До Вологды многие встречали его имя только у Пушкина, где оно
стоит перед юношескими посланиями, мелькает в статьях и заметках. Кое-кто из
нас знает, что это – учитель Пушкина в поэзии, передавший своему ученику в дар
вместе с нежным и полнозвучным стихом почти все свои темы. И редко-редко кто
знает хоть одну строчку Батюшкова наизусть. Например, эту: «О память сердца! Ты
сильней рассудка памяти печальной...».
Все это так. Живого контакта у современного читателя с Батюшковым
нет. А если поэт забыт или полузабыт, думает читатель, то это, наверное,
все-таки справедливо. Так сказать, время убило. Есть закономерности в рождениях
и исчезновениях. Пусть остается гордостью Вологды и предметом опеки
Вологодского горсовета... «Следующая – улица Батюшкова!» – раздается голос
кондуктора. Что же, звучит неплохо. Честь ему, во всяком случае, оказана...
Не без грусти думая обо всем этом, я не могу отделаться от мысли,
что тут какая-то «хитрость истории»: уж очень сильный поэт.
Есть наслаждение и в дикости лесов,
Есть радость на приморском бреге,
И есть гармония в сем говоре валов,
Дробящихся в пустынном беге.
Я ближнего люблю, но ты, природа-мать,
Для сердца ты всего дороже!
С тобой, владычица, привык я забывать
И то, чем был, как был моложе,
И то, чем ныне стал под холодом годов.
Тобою в чувствах оживаю:
Их выразить душа не знает стройных слов,
И как молчать о них – не знаю.
У половины европейских народов поэт такой силы мог бы стать
предметом культа. Да и мы тоже не вправе им пренебрегать. Ведь если какие-то
обстоятельства нашего развития сделали нас равнодушными к старинному поэту,
разве не могут те же обстоятельства, изменившись, повернуть нас к нему лицом?
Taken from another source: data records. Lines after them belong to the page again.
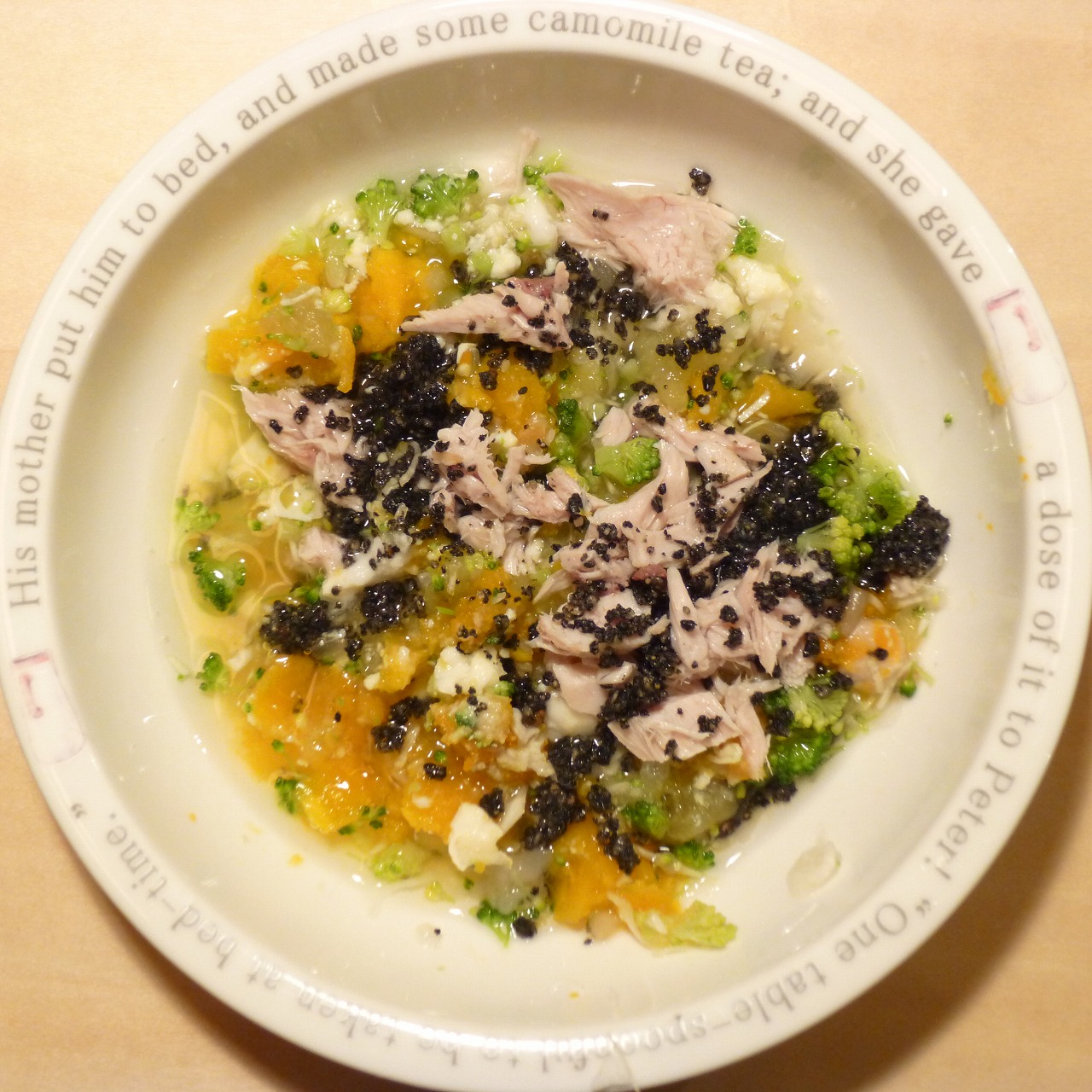 ぶり7g 豆腐10g 納豆3.5g 蜜芋10g きゃべつ6g ブロッコリ5g もやし6g 人参10g 昆布1g 黒ごま3g 小岩井20g ブルーベリー3g 湯60cc ebi1T bio1g VC0.2g
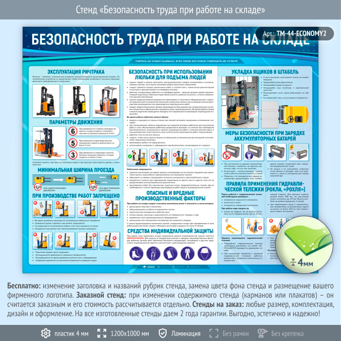 Стенд «Безопасность труда при работе на складе» (TM-44-ECONOMY2) в Иркутске купить
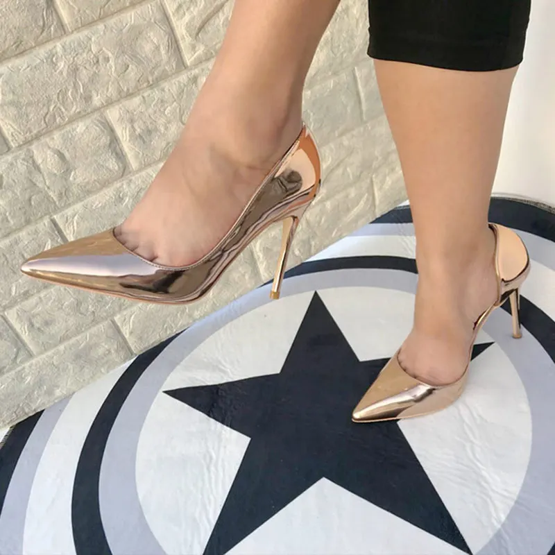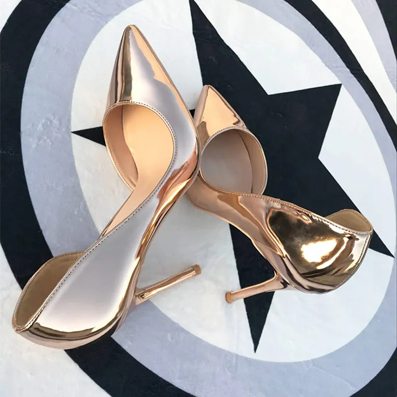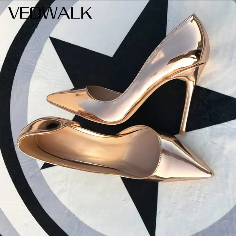 Veowalk блестящие золотистые женские сексуальные туфли на высоком каблуке, пикантные женские классические туфли-лодочки с острым носком и низким вырезом, цвета на заказ
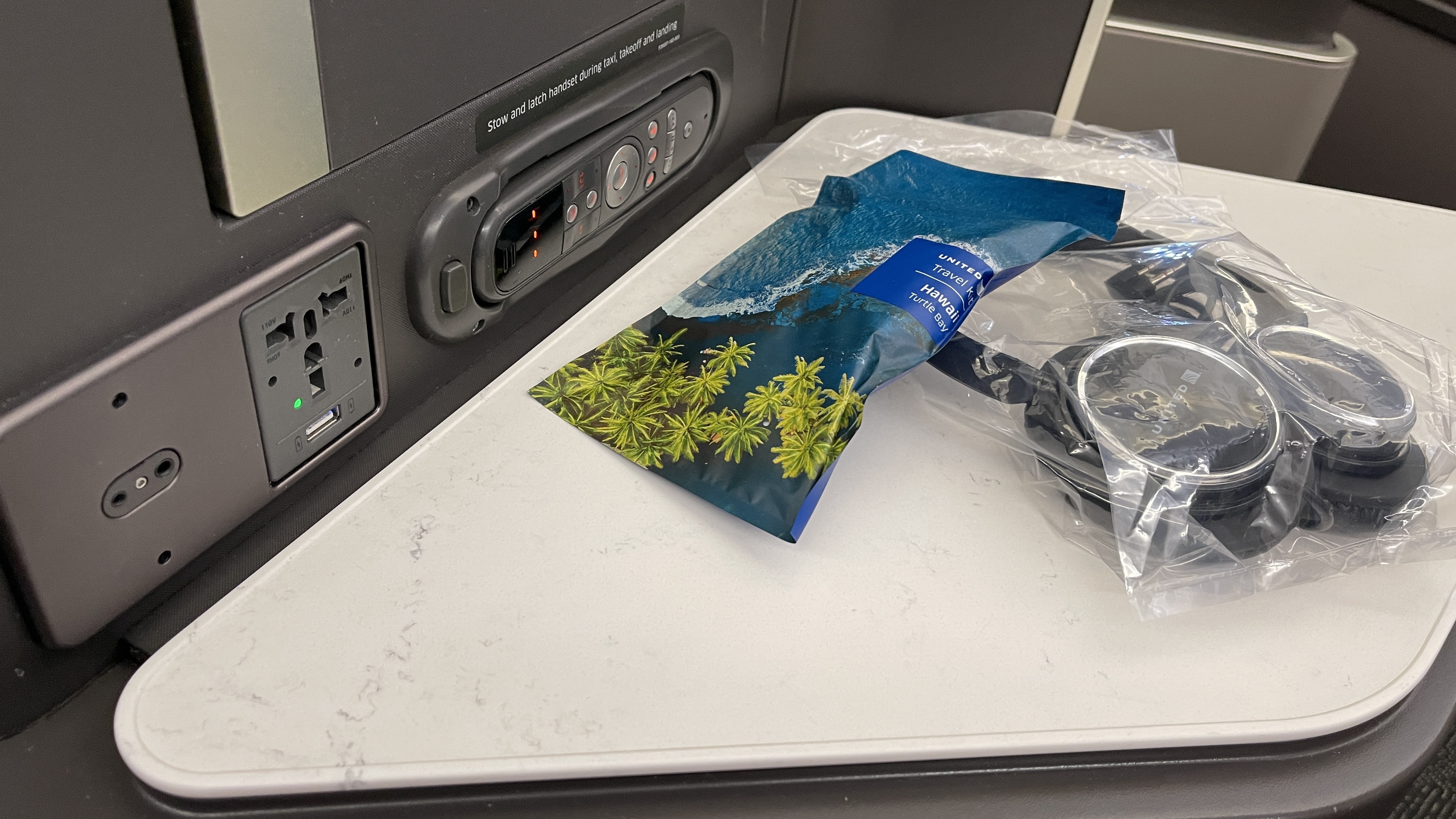 I’m usually an American Airlines flyer so it’s a nice change to fly United to get a comparison. These Club Suite seats are comfortable, but I feel that American’s reverse herringbone seats on their widebody fleet, are much more comfortable. The catering from Honolulu was good, but forgettable. The crew working this flight were friendly, charming, and upbeat. The in-flight amenities were somewhat lacking, but I guess adequate for this medium haul flight. The icing on the cake was the personal air nozzle, which I greatly appreciated.
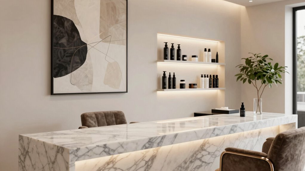 You should refresh your reception area at least every six months to keep it inviting. Regular updates to reception furniture guarantee comfort and modern appeal, while fresh signage design keeps your branding sharp and clear. This proactive approach shows clients that you care about their experience, making your salon stand out. Consistent refreshes create a welcoming atmosphere that leaves a lasting positive first impression, encouraging repeat visits.

Скольких писателей открывали и скольких еще откроют. Вместе с
техникой прочитывания растет и способность сопрягать, соединять, судить
эстетически. Это будет новой ситуацией для поэта, и мы будем говорить о нем
так, как если бы были его современниками. В свое время читали Батюшкова,
говорили о нем – о, еще как, и сколько! И едва ли можно представить себе
сегодня серьезного поэта, не имеющего своего отношения к Батюшкову: для поэта
он – собрат, вызывающий восхищение и зависть.
В конце 1810-х годов Пушкин уже сверкал в литературном мире, но
еще не так, чтобы в его свете померкли звезды второй величины. Звук молодого
Пушкина был полнее – это врожденное, но разум тридцатилетнего Батюшкова –
преимущество возраста – был строже, он думал мощнее и глубже. Батюшков уже
подводил итоги, как бы предчувствуя близкую катастрофу (через четыре года он
сошел с ума), и издал свою единственную книгу «Опыты в стихах и прозе».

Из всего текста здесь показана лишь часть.